What in the heck is the Sacroiliac Joint?

Here’s what Wikipedia has to say about the sacroiliac joint:

The sacroiliac joint or SI joint is the joint in the bony pelvis between the sacrum and the ilium of the pelvis, which are joined by strong ligaments. In humans, the sacrum supports the spine and is supported in turn by an ilium on each side. The joint is a strong, weight bearing synovial joint with irregular elevations and depressions that produce interlocking of the two bones. The human body has two sacroiliac joints, one on the left and one on the right, that often match each other but are highly variable from person to person.

As you can see, the SI joint is pretty damn important. We transfer huge loads through the SI joint when we lift weights, run, or play sports, so the structures that affect this joint need to be strong and fit.

Your Low Back Pain Might be Stemming from the SI Joint

This is an important take-home point for practitioners – somewhere between 13-30% of low back pain sufferers are actually experiencing pain due to sacroiliac dysfunction (Maigne et al. 1996, Schwarzer et al. 1995, Sembrano & Polly 2009).

Just how does this happen? The answer is pretty confusing. In case this is your sort of thing, then below is an excerpt from THIS paper. If this is not your cup of tea, just skip over this section.
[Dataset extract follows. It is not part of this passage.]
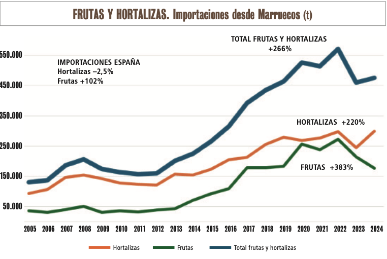Mientras que durante los últimos 20 años las importaciones de hortalizas españolas se han mantenido estables, por la bajada de las hortalizas secas (guisantes y habas secas), las importaciones que España ha realizado desde Marruecos han subido un 220%. En frutas, las importaciones españolas han subido un 102%, mientras que las de Marruecos lo han hecho un 383%.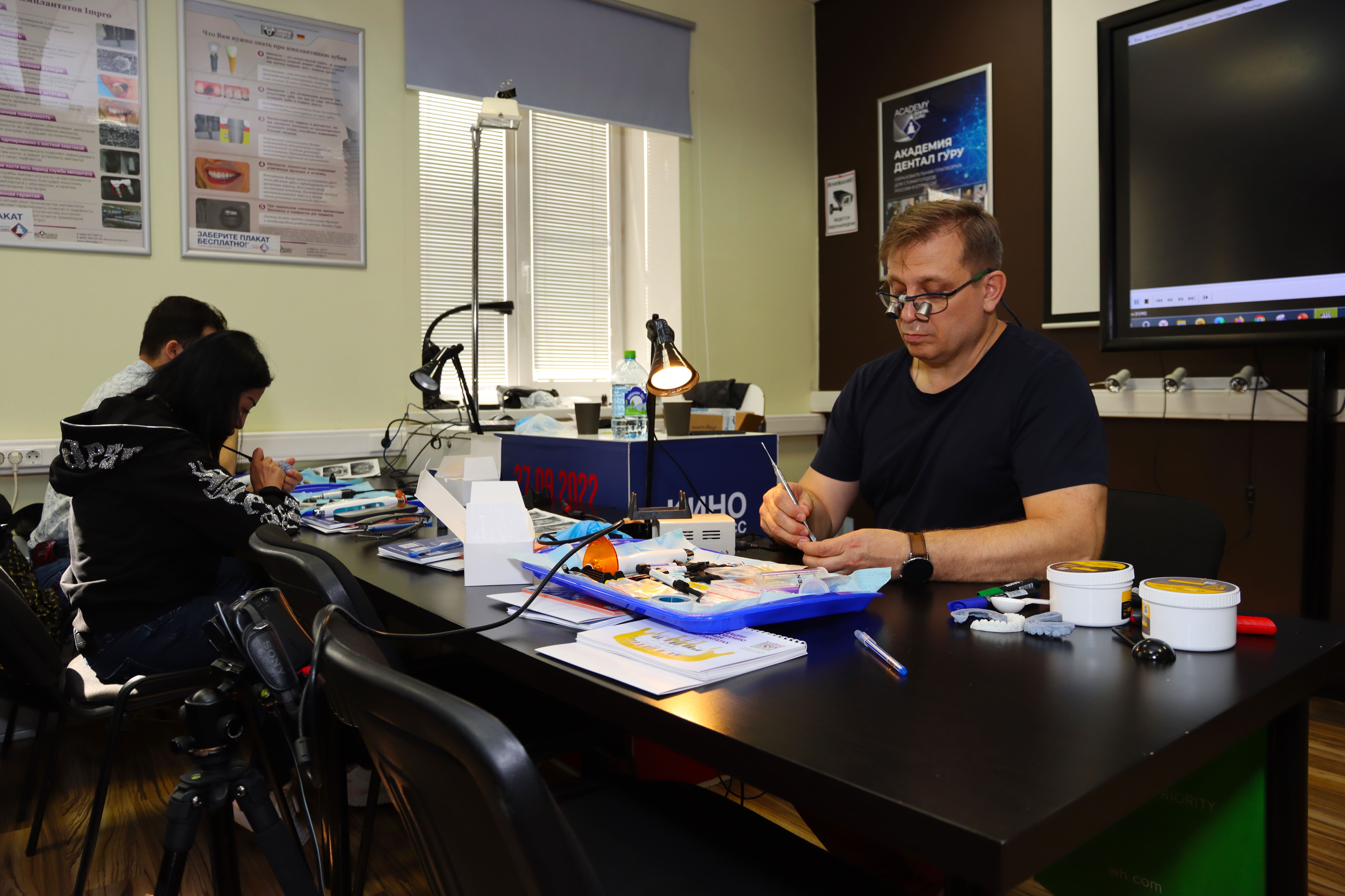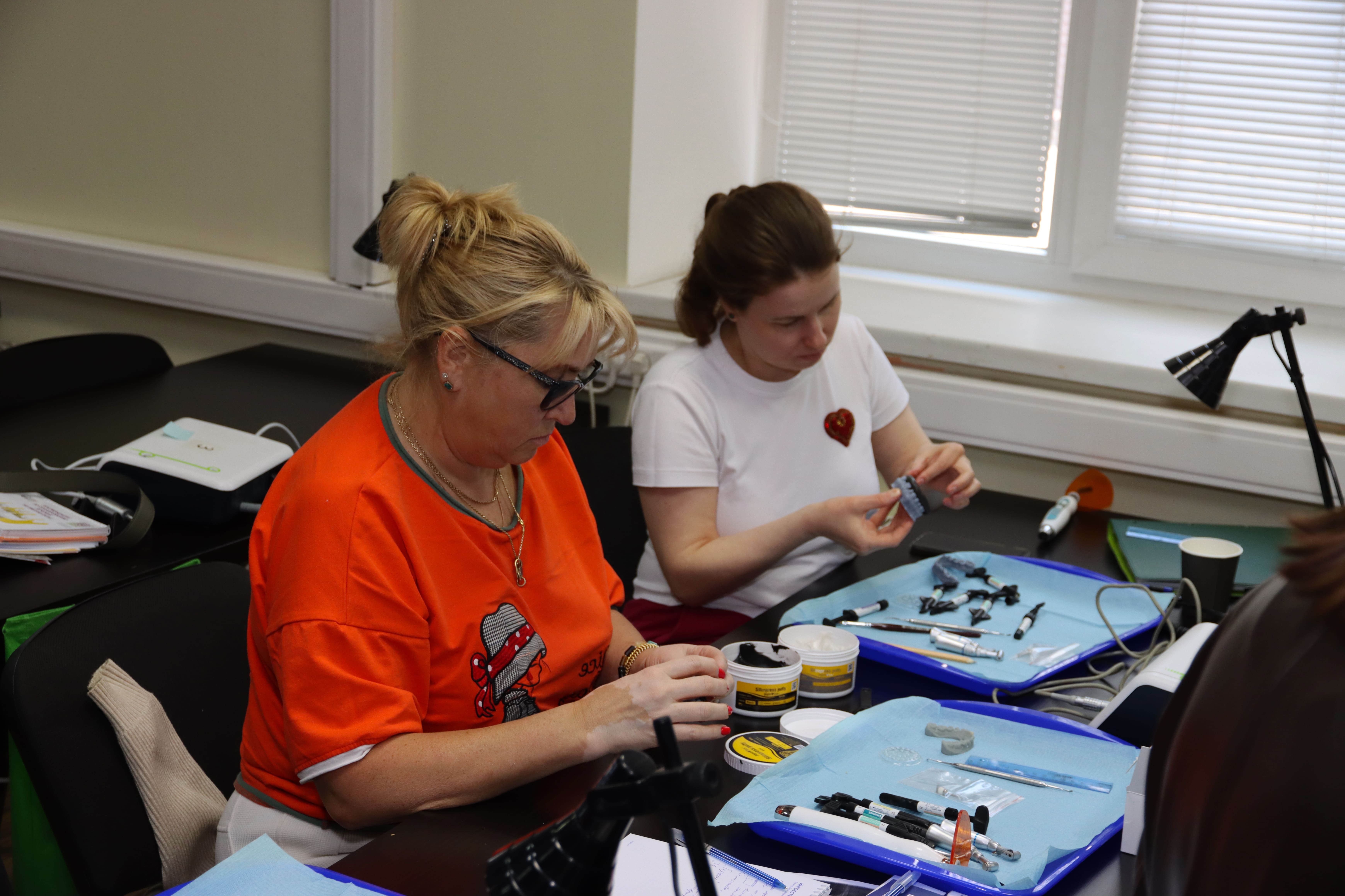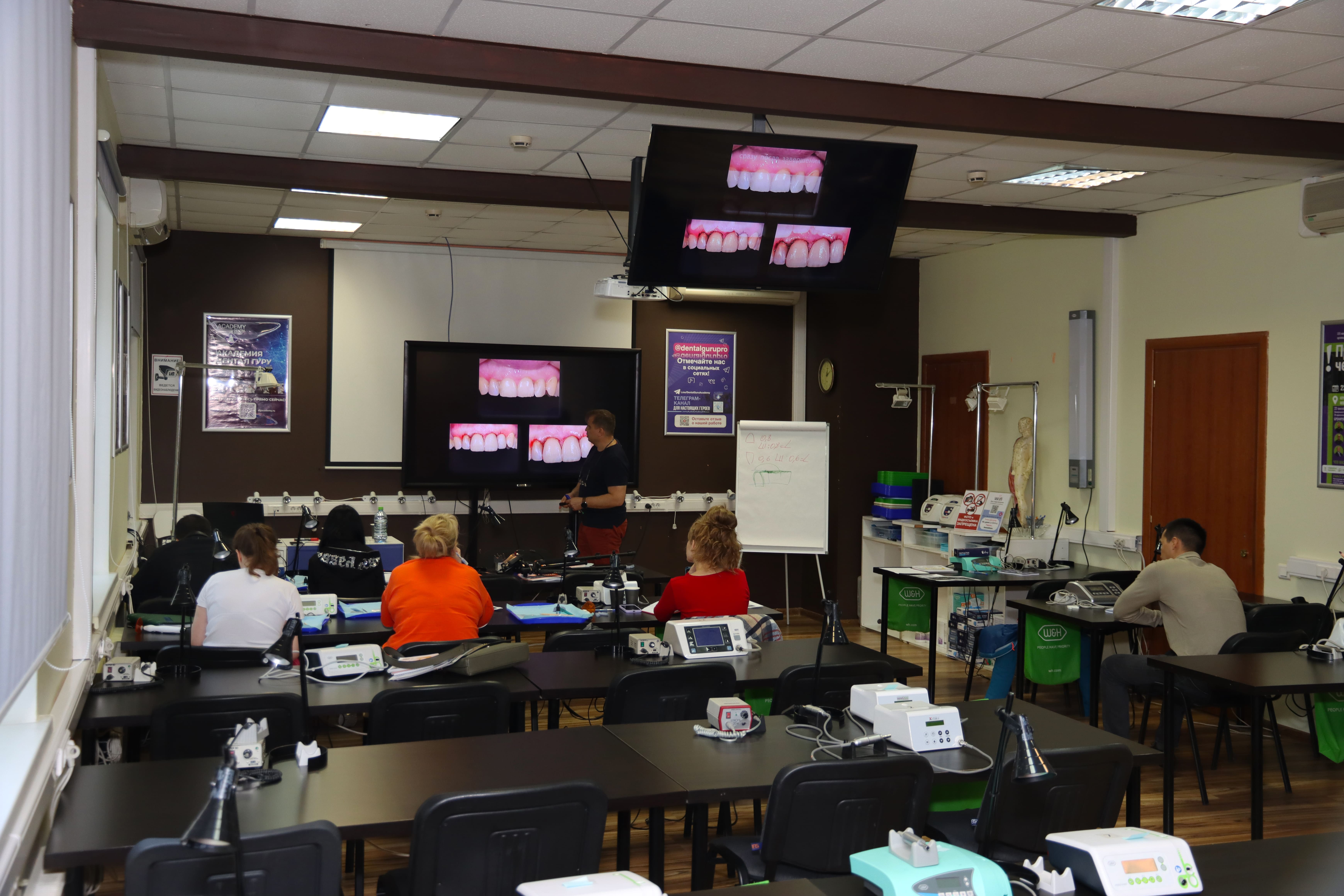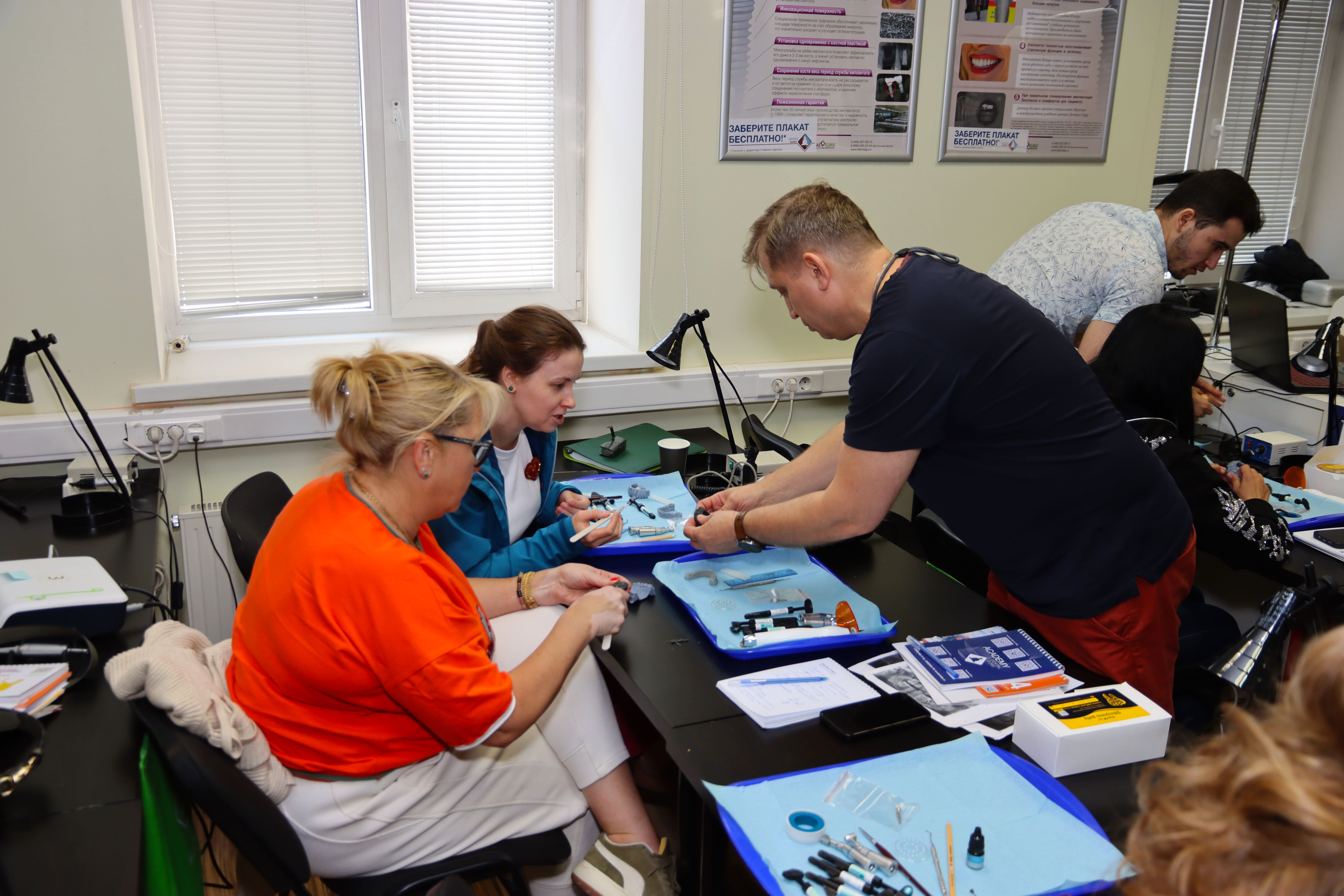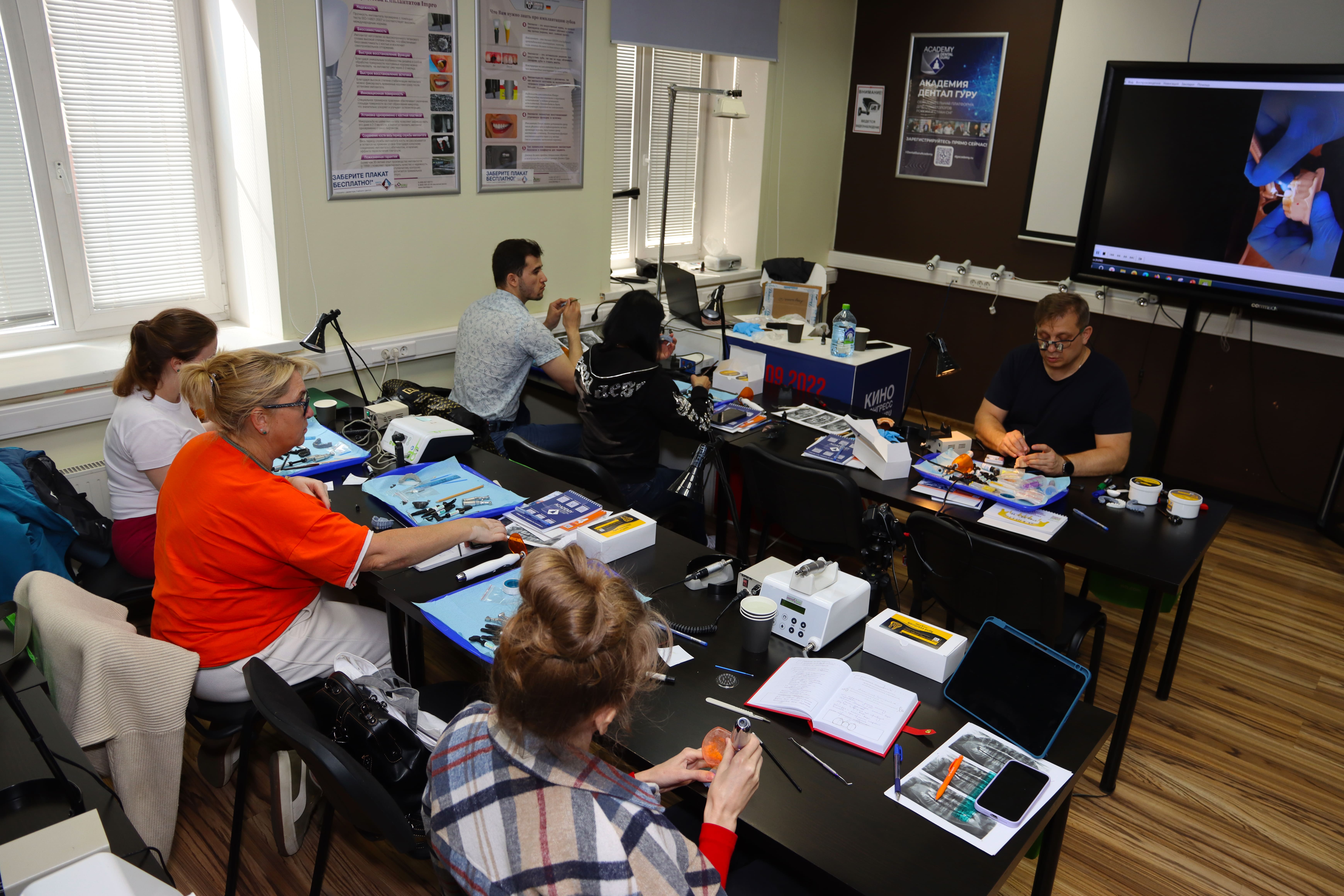 Во время курса доктора получили пошаговую методику реставрации зубов при дистопированном положении и при тесном расположении в зубном ряду. Узнали, как создается четкий контактный пункт и что такое «правило черных треугольников». Изучили поэтапные шаги реставрации после ортопедического лечения. Научились восстанавливать улыбку при сниженной высоте зубного ряда и при синдроме стираемости.

It is widely held that a relationship exists between excessive soft tissue deformation and pain, mediated by group IIIand IV nerve fibers. Immunohistochemical staining of the articular surfaces, associated ligaments, and joint capsule suggests that, in addition to the joint itself, periarticular structures,when strained, could act as sources of pain typically ascribed to the SIJ. Spinal pain mapping studies suggest that deep somatic spinal structures including facet joints, posterior annulus, and lumbar nerve roots may refer deep, achy pain that can simulate an SIJ etiology. Immunohistochemical studies focusing on intraligamentous nerves found in SIJ ligaments lend credence to the possibility that SIJ ligaments could function as pain generators in LBP. Substance P and calcitonin gene-related peptide are both recognized as important neuropeptides in the transmission of pain. Immunohistochemical reactivity to substance P and calcitoningene-related peptide suggests that a tissue can function in pain transmission. SIJ articular cartilage, the anterior sacroiliacligament (ASL), and the interosseous sacroiliac ligament(ISL) have all demonstrated nerve fibers immunoreactive to both substance P and calcitonin gene-related peptide. In addition, the posterior SIJ ligaments have also demonstrated immunoreactivity for substance P, suggesting that both the SIJ itself, and the ligaments constraining it, could play a role in the genesis of LBP. These immunoreactive fibers likely conduct pain impulses in response to mechanical pressure or deformation.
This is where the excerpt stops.